U.S. Trade Representative Jamieson Greer on Tuesday blamed new Chinese export controls on rare earth products, which apply globally, for reigniting trade tensions. “They are the ones who have chosen to make this major escalation,” Greer told CNBC. As for whether the two countries can work out a trade deal, or extended truce, or engage in a trade war, “a lot depends on what the Chinese do,” he said.

Beijing defended its export controls, noting that the U.S. has imposed several trade restrictions on China amid their truce, including introducing new port fees and expanding its export controls to block Chinese access to the most advanced semiconductor chips.

“Our agreement was we’re going to keep our tariffs low if you keep the rare earths flowing,” Greer said. “They’re now saying that they’re going to control more rare earths and downstream products. And so it makes sense that, you know, we can raise our tariffs.”

China’s Commerce Ministry on Sunday accused the U.S. of double standards and “overstretching the concept of national security, abusing export control, taking discriminatory actions against China, and imposing unilateral long-arm jurisdiction measures on various products including semiconductor equipment and chips.”

In apparent response to some U.S. actions, China has introduced new port fees on American vessels and launched antitrust probes of American companies. But its rare earth controls would have the hardest hit, as the minerals are critical to the U.S. defense sector as well as to its semiconductor industries. Part of the new measures include a default rejection of licenses to export rare earths for military uses.

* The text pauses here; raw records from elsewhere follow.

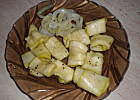 tak warzywa wymieszać z solą,a zalewę zagotować i zalać gorącą,tylko oleju nie gotować,razem z zalewą.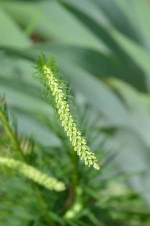 Spring greens. Vegetable green background. Euphorbia cyparissias - cypress spurge..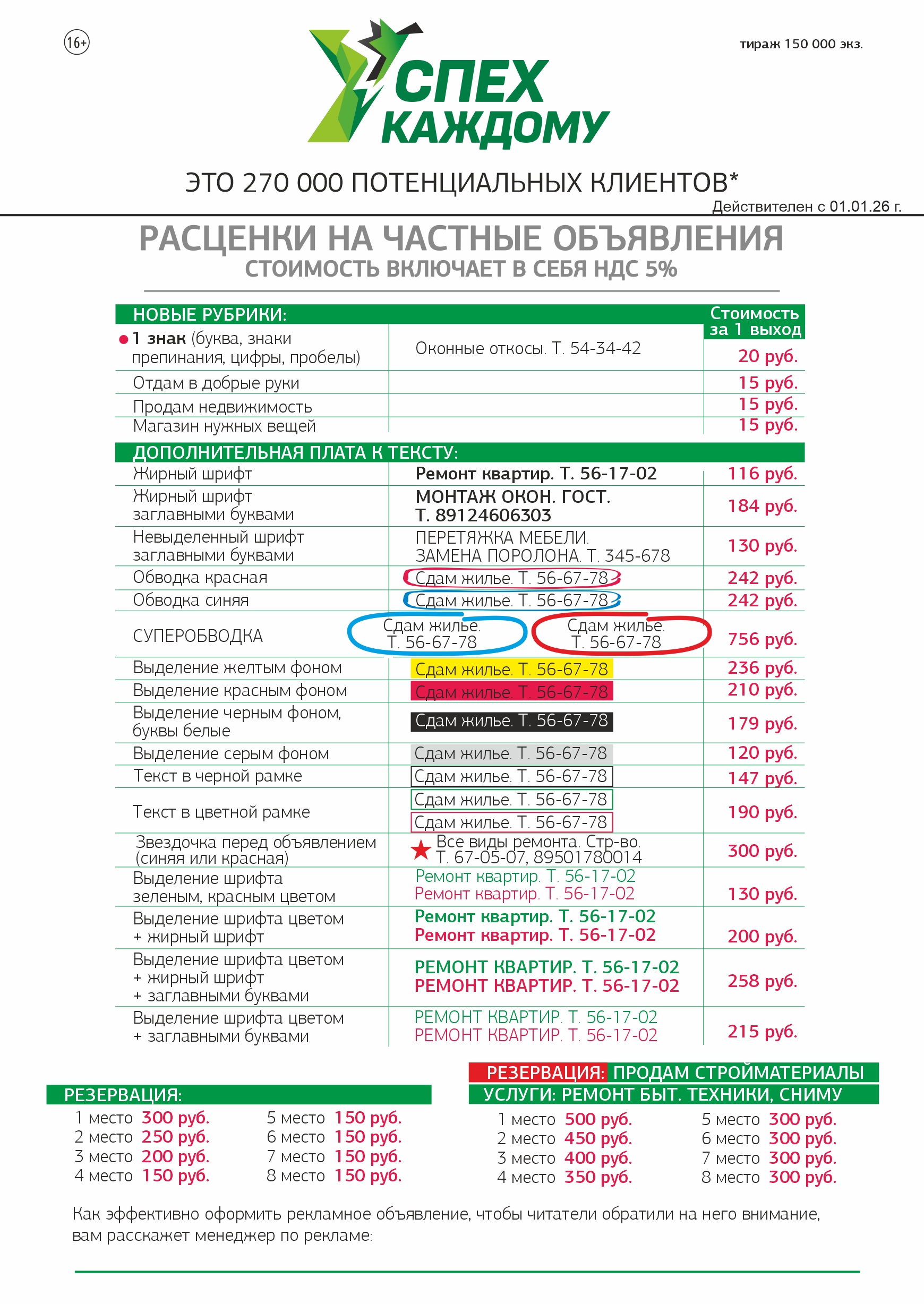 2.1.7. Рекламодатель обязуется соблюдать требования к оригинал-макетам рекламных объявлений, прописанные в прайс-листе Агентства, на сайте Агентства https://uspeh.udm.ru/price-01-01-2026-chasniki.jpg, а так же на сайте Типографии https://fenixnews.ru/.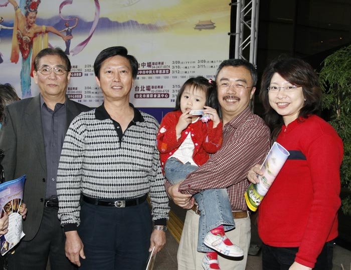 | 【明慧网二零零八年三月十六日】(明慧记者刘文新台湾台北报导)二零零八年三月十五日神韵艺术巡回团移师至台湾首都台北,扫除几天阴霾的天气,台北露出难得的阳光,首场演出座无虚席,每一个节目帷幕拉起时,掌声如雷不断响起,台湾各界精英云集了台北国际会议中心,观赏纽约神韵巡回艺术团首演的演出。 我的心灵被牵动着 一场难得心灵上的飨宴 中鼎工程股份有限公司业务主任黄振昌和好友华科彩邑公司陶总经理携眷一同观赏神韵,黄振昌在观赏演出后表情平静祥和说:“我觉的每一个戏目,可以挑动一些心灵上的感动,神韵的节目中看到了各朝代、各民族追求这种真,追求这种美,这种善的境界,我的心灵被牵动着,包括演出中的音乐、节目的架构,那种心情上的平静,没有了世俗间的纷纷扰扰,尔虞我诈。”  中鼎工程股份有限公司业务主任黄振昌和好友华科彩邑公司陶总经理携眷一同观赏神韵,黄主任表示:我的心灵被牵动着,一场难得心灵上的飨宴(左二)。 |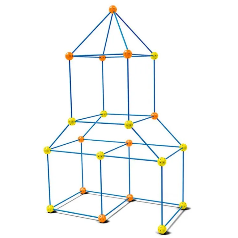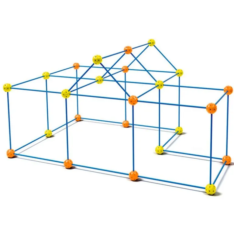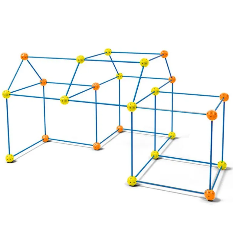 Tienda de campaña para los más pequeños de la casa, con la que podrán montar diferentes estructuras con las varillas y piezas de conexión resistentes. Incluye 24 piezas de conexión ( naranjas y amarillas), 6 varillas cortas y 40 varillas largas, en tono azul. No incluye la lona.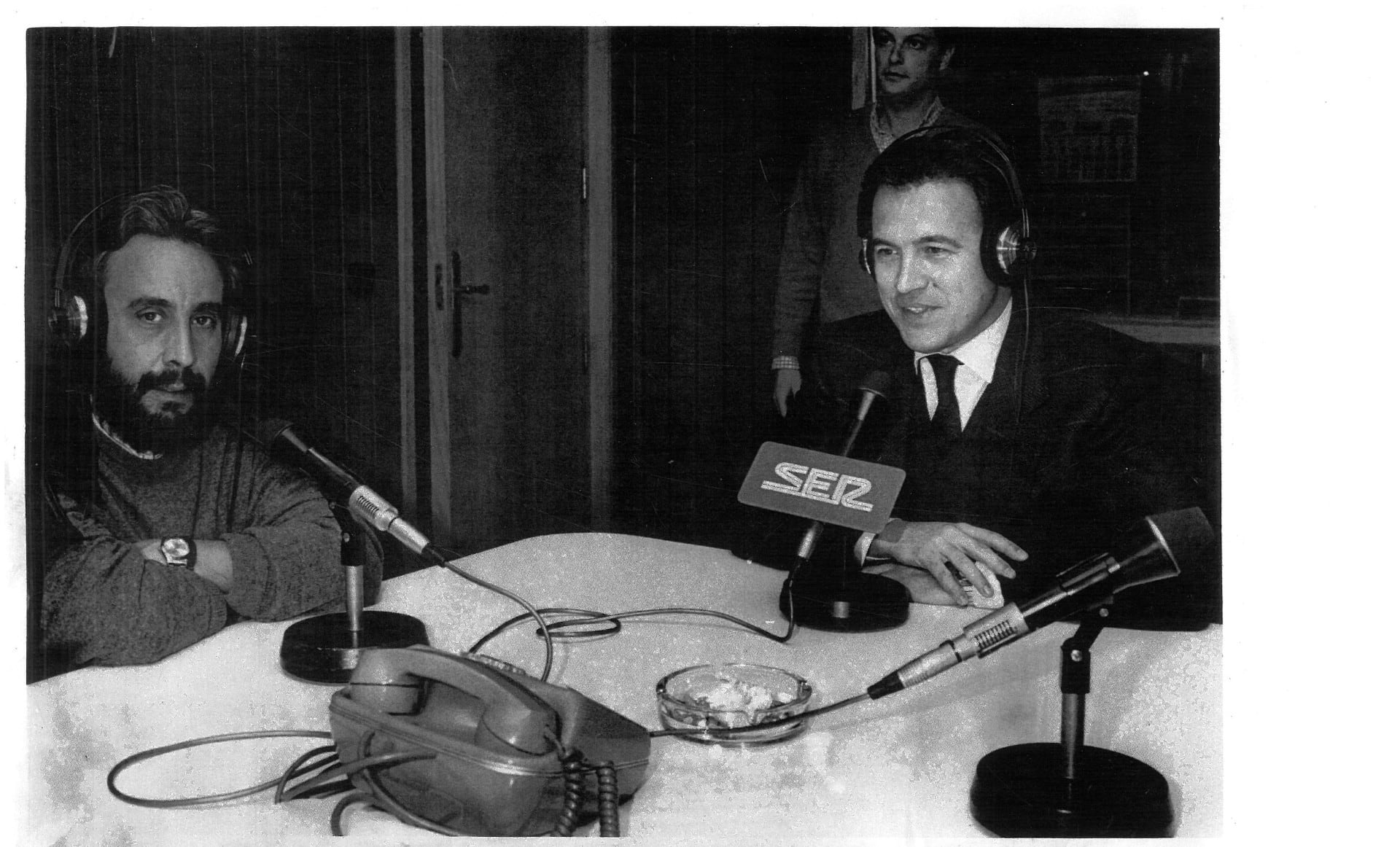 En la foto de Pérez Cabo, el 20 de enero de 1988, Pedro Pacheco interviene en Hora 25 junto al periodista Rafael Plaza, entonces director de Radio Cádiz.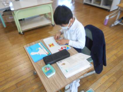 いろいたを ならべて、いろいろな形をつくりました。楽しみながら取り組みました。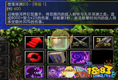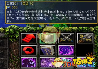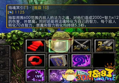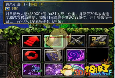 技能分级:对目标造成300*技能等级+(1+技能等级*3)*智力伤害,降低(20+5*技能等级)%攻速和最高90%移速。并且有20%概率秒杀等级比自己低的非英雄单位(不包括特殊单位,比如独人王,????等)

Even as the U.S. and China appear to be provoking more aggressive action, which some analysts have said could be an attempt at increasing leverage over the other in negotiations, Trump struck a reassuring tone about tensions with China. “We have a fair relationship with China, and I think it’ll be fine. And if it’s not, that’s OK too,” Trump told reporters on Tuesday. “We have a lot of punches being thrown, and we’ve been very successful.”